The first creation account in Genesis 1 is a broad, comprehensive setting for marriage. Nothing less than the creation and consummation of heaven and earth will satisfy our need for the proper horizon of the sacrament of marriage.
One of the fascinating things about the Bible as we have it – written, curated, and edited over many centuries – is that it begins and ends with the coming together of heaven and earth, as N.T. Wright described in “From Genesis to Revelation”. We are told in Genesis 1 (the first account) and Genesis 2 (the second account) that heaven and earth are made together and, so it seems, should work together. They are supposed to be the twin interlocking spheres of God’s good creation. Nature and Supernature go together. Dualism is not a Christian belief.
So how do heaven and earth, these twin interlocking spheres work together? And how does this help us understand marriage? Genesis 1 shows us a lot of other things that should be complementary and working together. So, we not only have heaven and earth, but we have sea and dry land, plants and animals, and within the animal kingdom we have male and female. Then we have the whole story of Creation climaxing together in the creation of humanity in the image of God, as male and female. We see that story is teaching us the telos of Creation, its goal and proper form. And just as creation has a fundamental harmony and order, each part working with the other, so man and woman are complementary. It is not that man represents heaven and woman represents earth (this was a common mistake in paganism) but rather that these two are created to go together and work together in a complementary fashion, which is true of the creation in its entirety.
Another feature of this account of Creation is that Creator God is called Elohim in the Hebrew text, which is the High God, the Ultimate God, in the Hebrew scriptures. We will need the second account of Creation in Genesis 2 to round out the picture of God as well as round out the picture of creation, especially marriage. But at this point we can pause to make a few important observations:
- Creation is full of binaries, beginning with heaven and earth itself, and climaxes in the binary of humanity as male and female. The story invites us to hold these binaries together in our thinking.
- These binaries are harmonies not antinomies, for the fundamental picture of creation (as opposed to its Ancient Near Eastern context) is one of peace and joy, not battle. God’s good Creation is the product of a loving intention voiced by God. God concludes each phase of his creative act with “it is good.” The final creative act, man as male and female, he calls “very good.”
- The climactic act of creation is made in God’s image and given a role as God’s representative in Creation (1:26-31). The reader, again, is invited to reflect on these couplets together. The idea seems to be marriage is God’s signpost of all that is intended for Creation. A split creation (heaven vs. earth) leads to a split marriage and vice versa.
- Just as the world is dealing with the ecological impact of modern industrialization two centuries after the fact, the pulverization of the human person characteristic of postmodernity will have similar unforeseen consequences. That is because there is an ecology of the human person, there is indeed, a cosmology of marriage. And as Jesus warned us, “what God has joined together let no on put asunder” (Matthew 19:3-6).
- Genesis 1 frames the whole biblical story line with these assertions: God exists as a singular and personal entity; God alone created the world without effort; the world is essentially good in its entirety, especially humans who represent God as His image-bearer; the seventh day is different from all the others and is an especially appropriate time to reflect on these truths.

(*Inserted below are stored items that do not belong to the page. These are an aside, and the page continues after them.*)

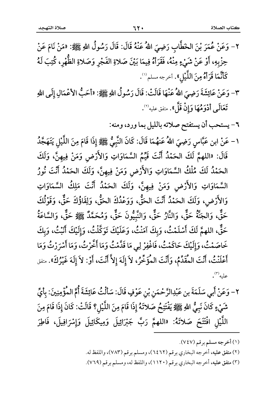 1 - عَنْ ابن عَبَّاسٍ رَضِيَ اللهُ عَنهُمَا قَالَ: كَانَ النَّبِيُّ - صلى الله عليه وسلم - إِذَا قَامَ مِنَ اللَّيْلِ يَتَهَجَّدُ قَالَ: «اللهمَّ لَكَ الحَمْدُ أَنْتَ قَيِّمُ السَّمَاوَاتِ وَالأَرْضِ وَمَنْ فِيهِنَّ، وَلَكَ الحَمْدُ لَكَ مُلْكُ السَّمَاوَاتِ وَالأَرْضِ وَمَنْ فِيهِنَّ، وَلَكَ الحَمْدُ أَنْتَ نُورُ السَّمَاوَاتِ وَالأَرْضِ وَمَنْ فِيهِنَّ، وَلَكَ الحَمْدُ أَنْتَ مَلِكُ السَّمَاوَاتِ وَالأَرْضِ، وَلَكَ الحَمْدُ أَنْتَ الحَقُّ، وَوَعْدُكَ الحَقُّ، وَلِقَاؤُكَ حَقٌّ، وَقَوْلُكَ حَقٌّ، وَالجَنَّةُ حَقٌّ، وَالنَّارُ حَقٌّ، وَالنَّبِيُّونَ حَقٌّ، وَمُحَمَّدٌ - صلى الله عليه وسلم - حَقٌّ، وَالسَّاعَةُ حَقٌّ، اللهمَّ لَكَ أَسْلَمْتُ، وَبِكَ آمَنْتُ، وَعَلَيْكَ تَوَكَّلْتُ، وَإِلَيْكَ أَنَبْتُ، وَبِكَ خَاصَمْتُ، وَإِلَيْكَ حَاكَمْتُ، فَاغْفِرْ لِي مَا قَدَّمْتُ وَمَا أَخَّرْتُ، وَمَا أَسْرَرْتُ وَمَا أَعْلَنْتُ، أَنْتَ المُقَدِّمُ، وَأَنْتَ المُؤَخِّرُ، لاَ إِلَهَ إِلاَّ أَنْتَ، أَوْ: لاَ إِلَهَ غَيْرُكَ». متفق عليه (¬3).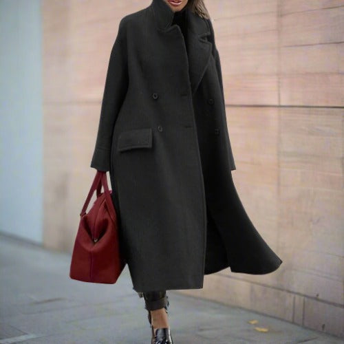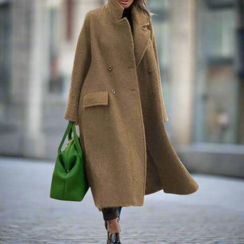 - Eleganter Kragen: Der Mantel ist mit einem schicken Kragen ausgestattet, der nicht nur vor Kälte schützt, sondern auch einen zusätzlichen Hauch von Raffinesse verleiht.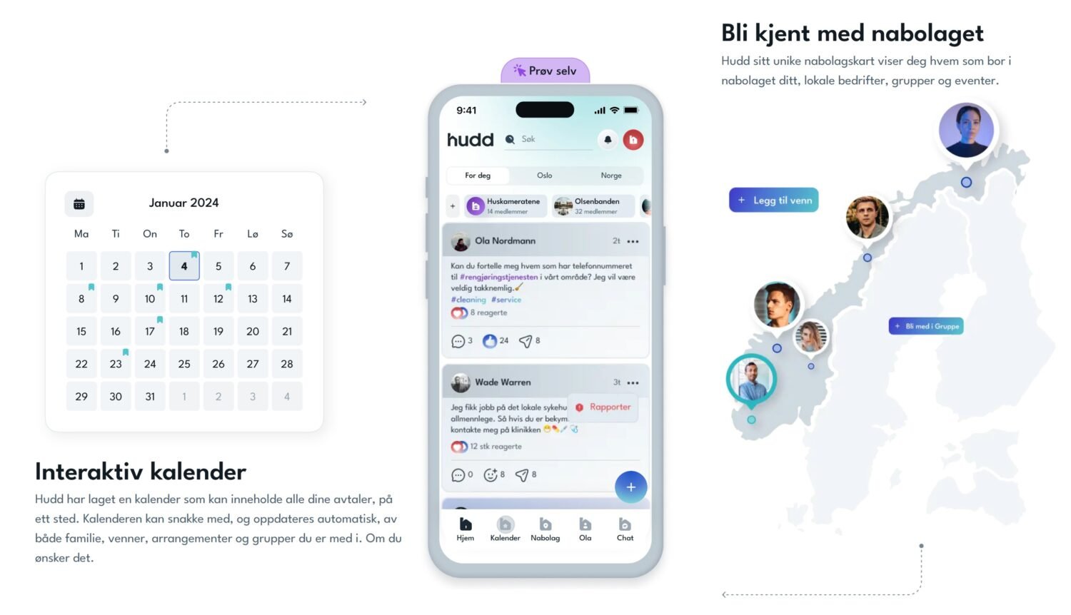 Hudd er en norskutviklet sosial plattform designet for å fremme ekte forbindelser mellom mennesker i deres nærmiljø. Alle brukere verifiseres gjennom Vipps og må bruke sine ekte navn, noe som sikrer at du kun samhandler med virkelige personer. Plattformen er fri for manipulerende algoritmer og støyende reklame, og presenterer innhold i en kronologisk nyhetsstrøm.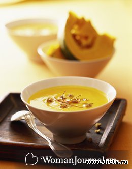 Рецепт супа-пюре с мякотью тыквы и кокосовой стружкой.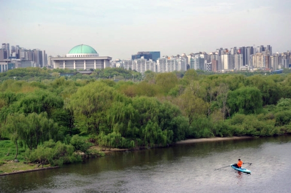 전시장은 넓고 쾌적, 도시형 화단 휴게실에서 다과 및 휴식 가능, 가족 나들이 적합, 특히 어린이들 국회방문 호연지기 앙양, 사진 마니아 국회 경내 및 지척인 서강대교에서 걸작 소재 지천....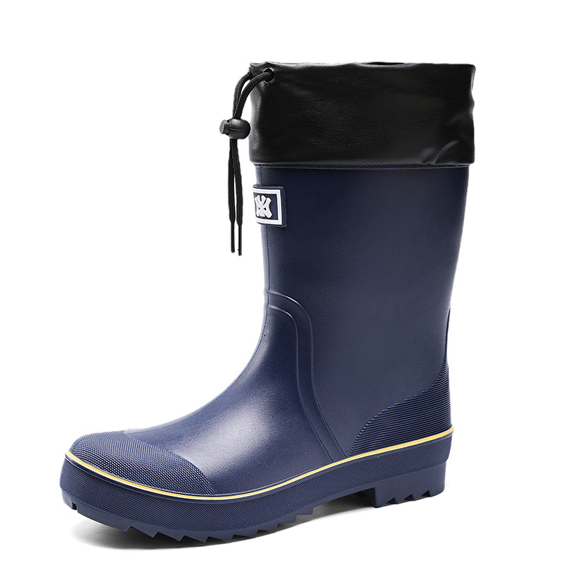 Cross-border fashion European and American rain boots, men's fashion outerwear thick-soled waterproof fishing shoes, waterproof fabric mouth elastic waterproof shoes
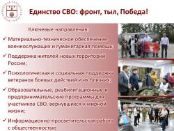 Эта деятельность характеризуется комплексным подходом. Депутатский корпус выступает не только как инициатор гуманитарных процессов, но и активно участвует в реализации спецпроектов, направленных на адаптацию ветеранов боевых действий к мирной жизни.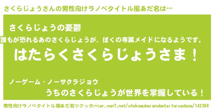 | 胡散臭い通販商品みたいなあだ名 | 『必ず成功するブレスレット…その名も「さくらじょう」』 |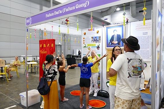 两个小女孩热情地询问父亲是否可以学功。他扫视了展位,微笑着说:可以。父亲最近从其它地方学了一些动作,他想知道这是不是法轮功。法轮功学员解释说,这是两种不同的功法,并建议他最好选择一种功法,这样才能获得其好处。
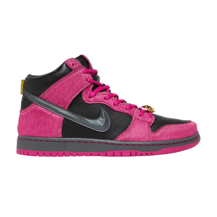 The Nike SB Dunk High Run The Jewels features an active pink and black color palette. Its upper is made from vibrant pink suede with contrasting black overlays. A cushioned...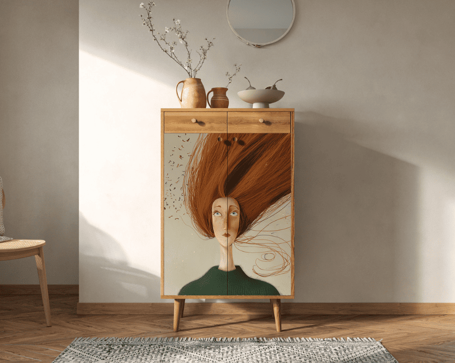 Комод "Berber Art Рыжая девушка" два ящика и дверки арт BB46/Art1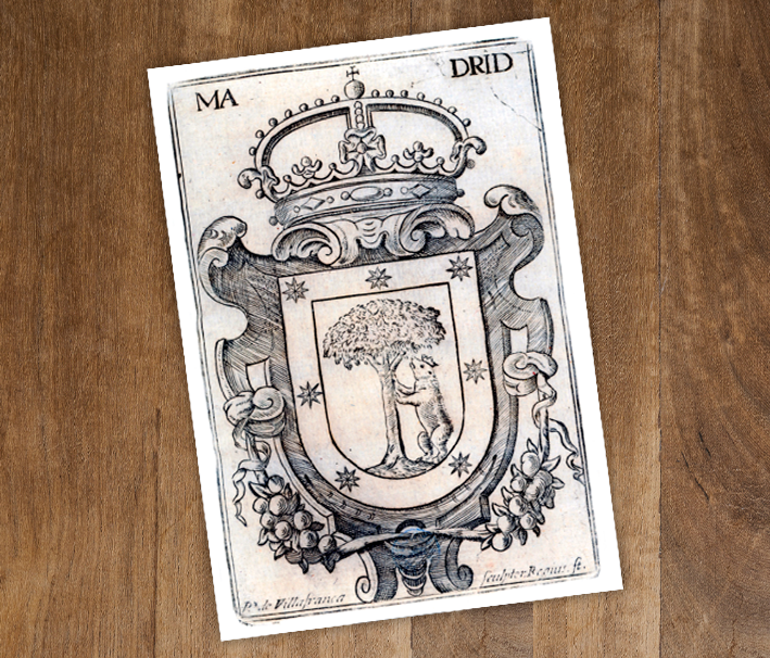 Pedro de Villafranca, Escudo de la villa de Madrid, Grabado, siglo XVII. Biblioteca de la Casa de Velázquez, fondo de reserva. Donación del marqués del Saltillo (1957).

The rest of the bible will develop but never contradict these assertions.
- Four principles of complementary are revealed in Genesis: equal dignity, significant difference, synergetic relation and intergenerational fruition. They are implied in Genesis 1, which sets us up for these principles to be developed later and more fully.
Next we will reflect on how the second Creation account in Genesis 2, complements and completes the cosmological picture of Genesis 1. Repetition with variation is the major literary feature of the Bible and we see it both in the form and content of its message.
Questions for Consideration
- The story of creation is a story about the Creator. There is one (not many) God(s), who speaks (not battles) the world into existence. Humans, who stand at the apex of creation, should not bow down to worship those who are under their supervision or dominion. Thus, Genesis 1 functions as a monotheistic polemic in a polytheistic world.
- Humans, as male and female, are made in essential complementarity and unity. Any domination comes after Genesis 3 as a result what is often called “The Fall.” Thus, can dominance of one sex over another be a product of creation?
- Since God made man and woman in his image, unity is part of the divine nature. Does this invite a Trinitarian reading of the phrase “let us make man in our image?”
- Is complementarity intrinsic to creation and relational harmony?
- What are some of the essential components of an ecology of the person?